» Aim of the task
Everything from the line that contains "LONDON: Perlawanan Liga" through the last line below should be transcribed exactly, except the pictures.

##############################

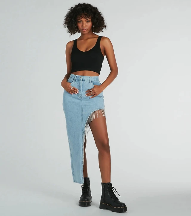 Ready, Set, Slay V-Waist Denim Mini Skirt
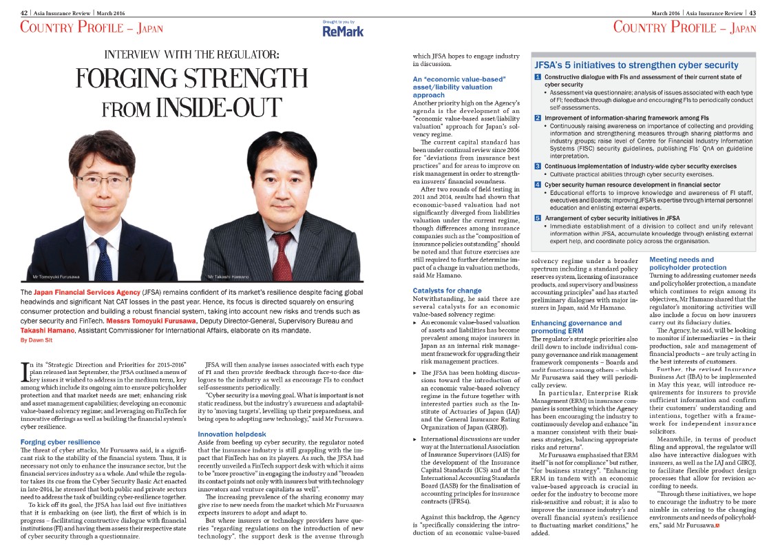 3 years later in our March 2016 issue, we interviewed JFSA’s Messrs Tomoyuki Furusawa and Takashi Hamano on how the FSA remained confident in the market’s resilience despite global headwinds and Nat CAT losses, while focussing on consumer protection and strengthening the financial system amid emerging risks such as cybersecurity and FinTech.
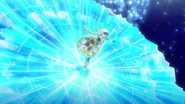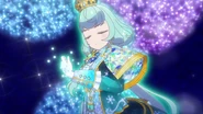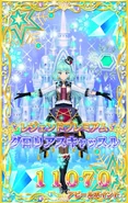 The idols stand in front of the dark purple ices background and her left hand appears a green glow. She put her left hand up and start spinning. When she is spinning, some light blue snows which surround by some snowflakes are following her hands. She tramples the ground and the ground is frozen quickly and becomes an ice castle and she poses in front of the castle and blue sky. Some ices and golden or silver snowflakes with green gems are surrounding her.
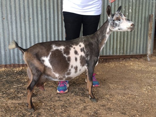 2014 ADGA National Show: 4th Place in 5-6-year-old class, 2nd Place in Dam & Daughter (with 2011 daughter Vieux Carve’), 4th Place in Best 3 Senior Does (with Vieux Carve’ and Sangria)
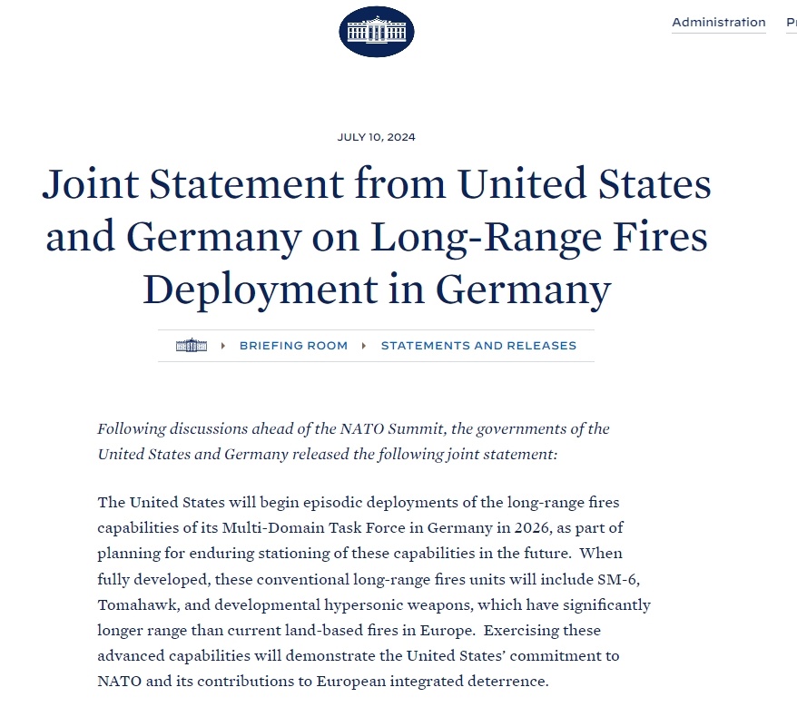 在上周的北約華盛頓峰會期間,美國和德國聯(lián)合宣布,作為長期規(guī)劃的一部分,美國將從2026年開始分階段在德國部署遠(yuǎn)程武器。
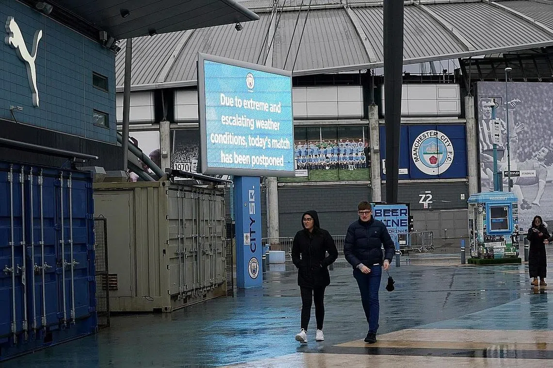 LONDON: Perlawanan Liga Perdana England (EPL) antara Manchester City dan West Ham United adalah di antara acara sukan utama yang ditangguhkan berikutan taufan Ciara yang melanda Britain.
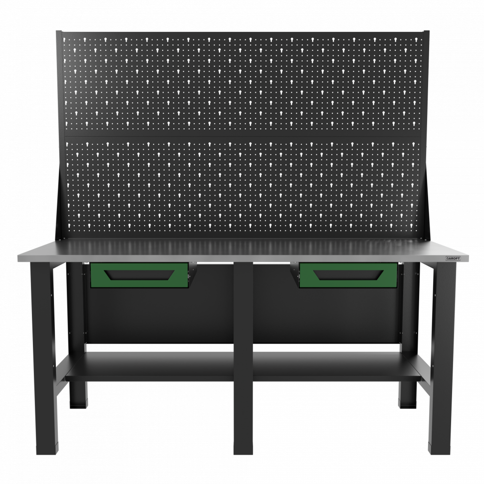 Верстак бестумбовый с двумя экранами и двумя ящиками, серый/ Стол для слесарных работ 1800*700 GAROPT, Gt1800STY1Y1PP2.grey Верстак бестумбовый с двумя экранами и двумя ящиками, зеленый/ Стол для слесарных работ 1800*700 GAROPT, Gt1800STY1Y1PP2.green
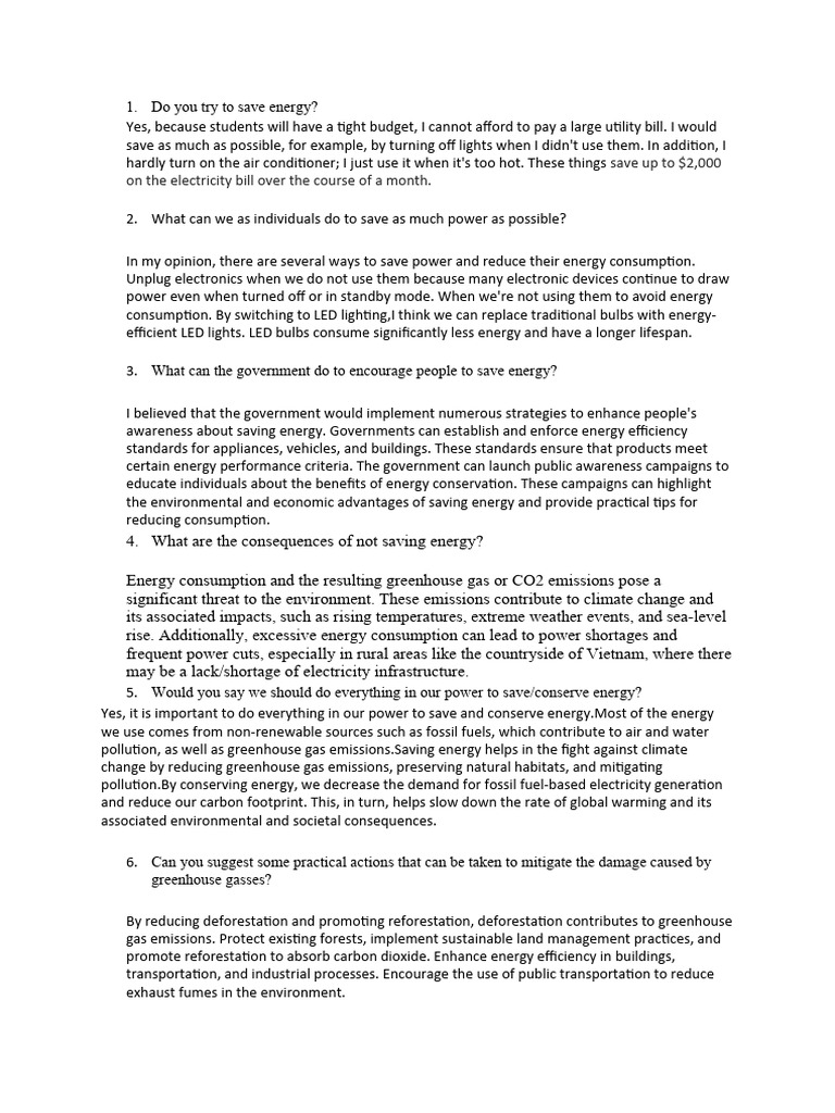 5. Would you say we should do everything in our power to save/conserve energy?

##############################

» Result of this exercise
 LONDON: Perlawanan Liga Perdana England (EPL) antara Manchester City dan West Ham United adalah di antara acara sukan utama yang ditangguhkan berikutan taufan Ciara yang melanda Britain.
 Верстак бестумбовый с двумя экранами и двумя ящиками, серый/ Стол для слесарных работ 1800*700 GAROPT, Gt1800STY1Y1PP2.grey Верстак бестумбовый с двумя экранами и двумя ящиками, зеленый/ Стол для слесарных работ 1800*700 GAROPT, Gt1800STY1Y1PP2.green
 5. Would you say we should do everything in our power to save/conserve energy?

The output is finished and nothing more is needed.